US 12,360,272 B2
Cascaded machine-learning workflow for salt seismic interpretation
Anisha Kaul, Houston, TX (US); Cen Li, Missouri City, TX (US); Hiren Maniar, Houston, TX (US); and Aria Abubakar, Sugar Land, TX (US)
Assigned to SCHLUMBERGER TECHNOLOGY CORPORATION, Sugar Land, TX (US)
Appl. No. 17/252,484
Filed by Schlumberger Technology Corporation, Sugar Land, TX (US)
PCT Filed Jun. 26, 2019, PCT No. PCT/US2019/039160
§ 371(c)(1), (2) Date Dec. 15, 2020,
PCT Pub. No. WO2020/009850, PCT Pub. Date Jan. 9, 2020.
Claims priority of provisional application 62/694,404, filed on Jul. 5, 2018.
Prior Publication US 2021/0270983 A1, Sep. 2, 2021
Int. Cl. G06G 7/48 (2006.01); G01V 1/30 (2006.01); G01V 1/50 (2006.01); G06N 20/00 (2019.01)

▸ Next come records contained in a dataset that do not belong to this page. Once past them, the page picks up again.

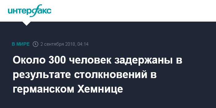 Москва. 2 сентября. INTERFAX.RU - В ходе демонстраций сторонников и противников миграционной политики канцлера Ангелы Меркель в городе Хемнице на юго-востоке Германии были задержаны около 300 человек, сообщила местная полиция.
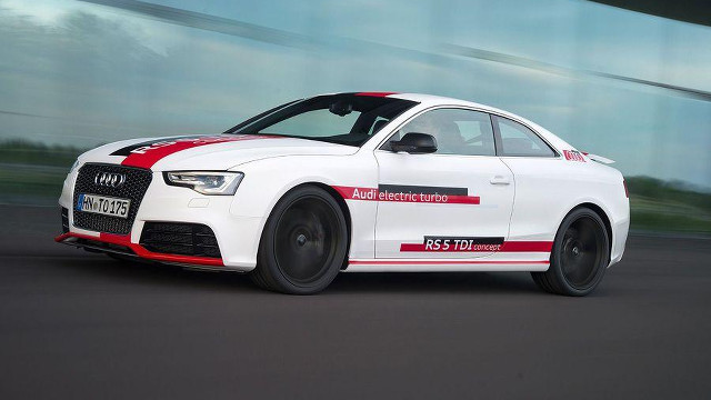 Die Reaktion auf das demnächst auf der AMI in Leipzig (31. Mai bis 8. Juni) stehende Exemplar dürfte kaum anders ausfallen: Es basiert auf dem Audi RS5 Coupé, der normalerweise den altbekannten 4.2 V8 FSI mit 450 PS hinter seinem Wabengrill trägt. Mit dem Zusatz „TDI“ geht Audi nun den Weg, den bereits BMW mit dem M550d beschritten hat: Ein Dreiliter-Diesel garniert mit zwei Turboladern, soweit so gut (dieser leistet z.B. im A7 313 PS und 650 Newtonmeter Drehmoment). Das eigentliche Schmankerl haben sich die Bayern allerdings zum Schluss aufgehoben. So gesellt sich zu den zwei Ladern ein dritter, rein elektrisch betriebener Lader, der für den unteren Drehzahlbereich zuständig ist und so das Wörtchen „Turboloch“ endgültig aus dem Diesel-Vokabular streichen soll.
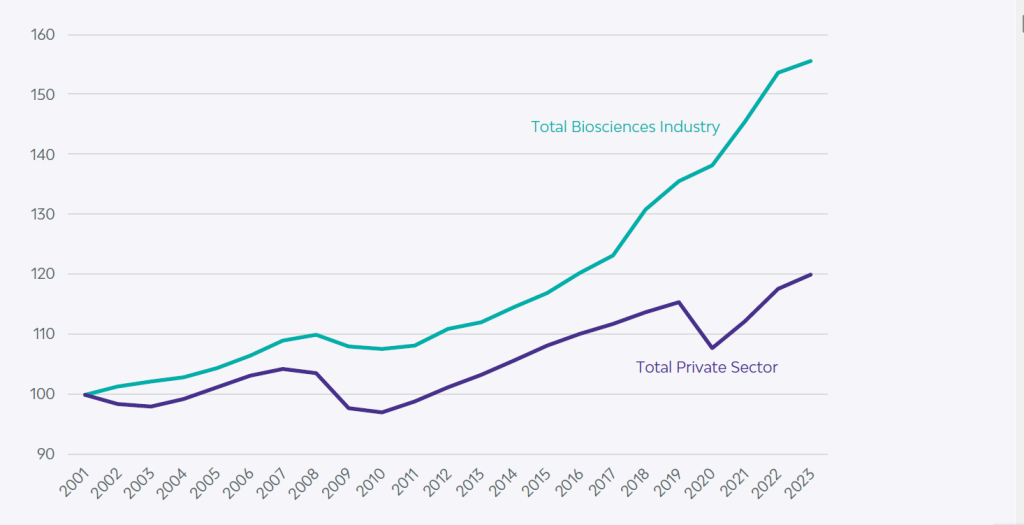 The average New Hampshire bioscience industry wage in 2023 was $136,164, which is 79% higher than the state’s private sector average and a little higher than the national average of $132,000 a year.

CPC G01V 1/302 (2013.01) [G01V 1/50 (2013.01); G06N 20/00 (2019.01); G01V 2210/1234 (2013.01); G01V 2210/64 (2013.01)] 20 Claims
OG exemplary drawing
 
1. A method, comprising:
training a first machine learning model using data from a crossline direction and an inline direction of a seismic volume;
determining, using the first machine learning model, a top of salt (TOS) surface in the seismic volume based on crossline direction slices of the seismic volume and inline direction slices of the seismic volume;
determining a binary mask based upon the determined TOS surface;
initializing training data of the seismic volume based on output from the trained first machine learning model;
determining a depth in the seismic volume above which a predicted salt surface has a predetermined level of clarity;
sampling seismic data in the seismic volume in a depth direction to obtain a training seismic slice, wherein the training seismic slice includes information from the crossline direction, the inline direction, and the depth direction;
sampling the binary mask in the depth direction to obtain a mask slice;
selecting a first coordinate in the training seismic slice to produce a first tile;
selecting a second coordinate in the mask slice to produce a second tile;
updating the training data of the seismic volume based upon the first tile and the second tile;
training a second machine learning model using the updated training data;
determining, using the second machine learning model, a presence of a salt body in an evaluation seismic slice;
generating, by the second machine learning model, a three-dimensional (3D) model of a subterranean formation with the salt body delineated in the seismic volume;
displaying the 3D model of the subterranean formation with the salt body in the seismic volume;
determining, based on the 3D model of the subterranean formation, fluid flow characteristics of a reservoir in a field of the subterranean formation; and
controlling, based on the 3D model of the subterranean formation, drilling in the reservoir.